What's astounding is not the level of success the company has achieved, but the timeline in which it has done it. IBM history dates back to 1911, Microsoft and Apple to the mid-1970s. Google doesn't have to look back nearly so far. All things Google began in 1995. That's when Sergey Brin, a 21-year-old student at Stanford University, took University of Michigan graduate Larry Page, just a year older, on a tour of the campus. Legend has it that the two disliked each other and bickered the entire tour. But it must not have been a complete disaster because Page enrolled in Stanford and began working to fulfill the requirements of his Ph.D. program in computer sciences.

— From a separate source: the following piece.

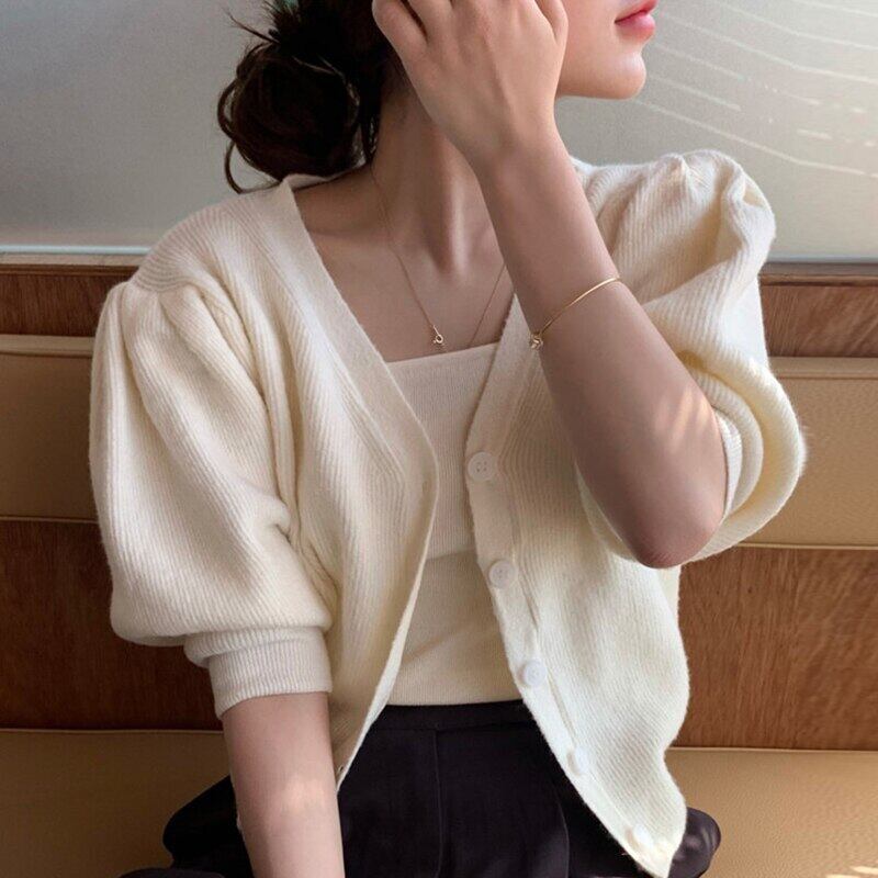 Nomikuma 因果シングルブレストパフスリーブニットカーディガン女性シックな固体 2022 セーターコート甘いニットトップス 大人ガーリー スウィート キュート カジュアル ソリッドカラー kor87900854069

Page considered several topics for his doctoral thesis but finally settled on the World Wide Web, which, although growing in the mid-1990s, was still little more than a curiosity. Page decided to focus his attention on the link structure of the Web. Was it possible, he wondered, to use links between Web pages to rank their relative importance? And, if this was indeed possible, could he develop an algorithm -- a set of mathematical rules -- to count and qualify every back link on the Web?

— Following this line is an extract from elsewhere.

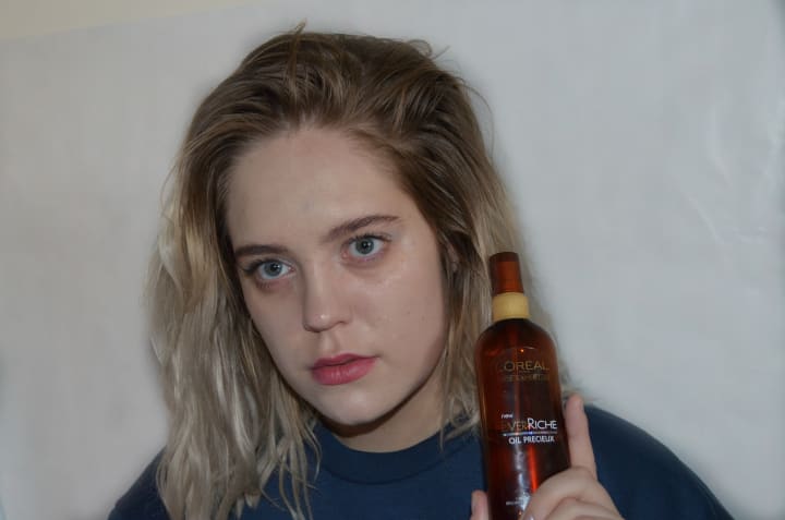 Next, spray all through the lengths and ends with a lightweight oil. I like the L’Oreal Ever Riche Oil Precieux, but anything light enough to be dispersed through a mist is fine for the job.

By 1996, Page was knee-deep in the project, but the complexity of the math proved challenging. He reached out to Brin, the outspoken grad student who first introduced Page to the Stanford campus. Brin began working with Page to further refine and develop the math, so that links pointing to a site could be ranked according to importance. They named the resulting algorithm PageRank and then inserted it into BackRub, a search engine that started crawling the Web, beginning with Stanford's home page and working outward from there, across the 10 million online pages that existed at the time.